» **Required work**:
Please copy exactly the part of the records below that opens with the line containing "Trousse de toilette" and closes with the line containing "Zip 아카이브에 있는", leaving out any pictures.

» **Given data**:
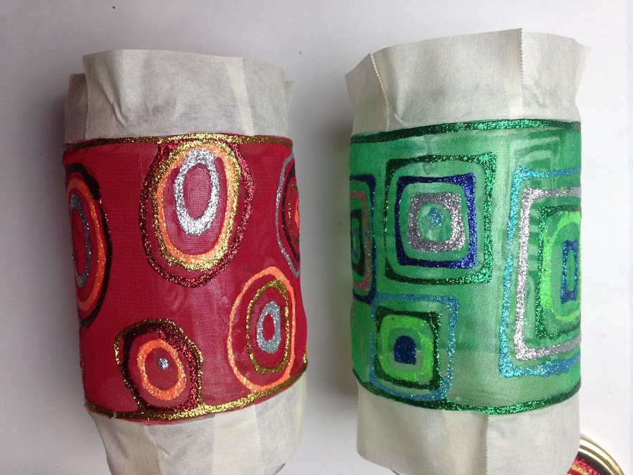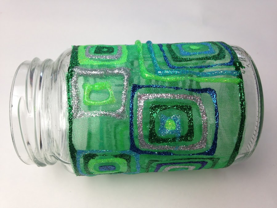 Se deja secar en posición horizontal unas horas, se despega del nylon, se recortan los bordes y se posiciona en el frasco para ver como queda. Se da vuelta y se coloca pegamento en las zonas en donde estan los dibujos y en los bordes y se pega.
---
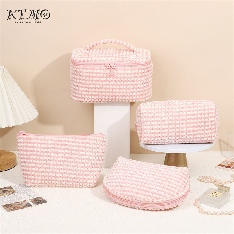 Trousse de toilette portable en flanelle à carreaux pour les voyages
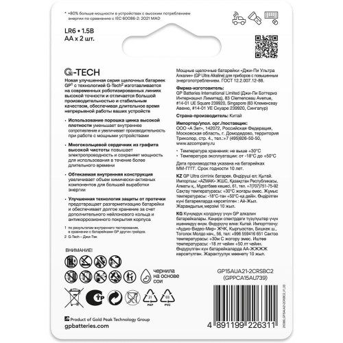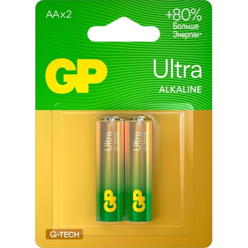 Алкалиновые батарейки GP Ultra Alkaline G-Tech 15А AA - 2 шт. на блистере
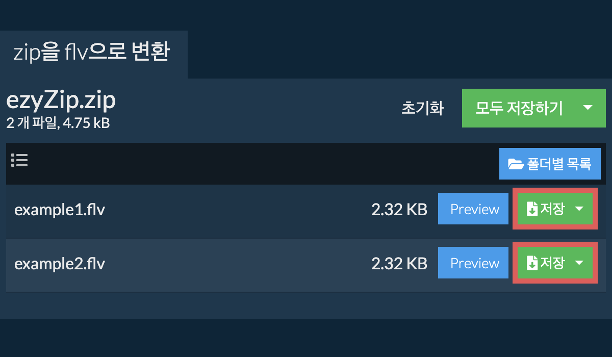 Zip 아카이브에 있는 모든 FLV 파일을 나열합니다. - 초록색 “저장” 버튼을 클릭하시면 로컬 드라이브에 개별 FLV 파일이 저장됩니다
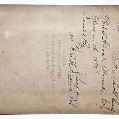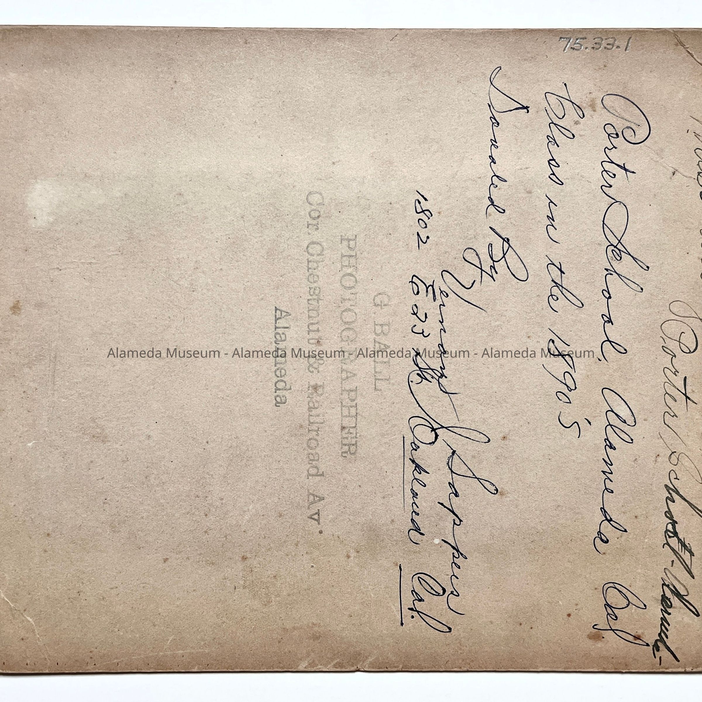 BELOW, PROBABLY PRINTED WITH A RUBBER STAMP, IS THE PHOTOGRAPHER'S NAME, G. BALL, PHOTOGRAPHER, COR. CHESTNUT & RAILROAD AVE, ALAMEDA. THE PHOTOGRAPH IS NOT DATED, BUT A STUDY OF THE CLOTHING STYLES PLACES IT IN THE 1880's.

» **Exercise answer**:
 Trousse de toilette portable en flanelle à carreaux pour les voyages
 Алкалиновые батарейки GP Ultra Alkaline G-Tech 15А AA - 2 шт. на блистере
 Zip 아카이브에 있는 모든 FLV 파일을 나열합니다. - 초록색 “저장” 버튼을 클릭하시면 로컬 드라이브에 개별 FLV 파일이 저장됩니다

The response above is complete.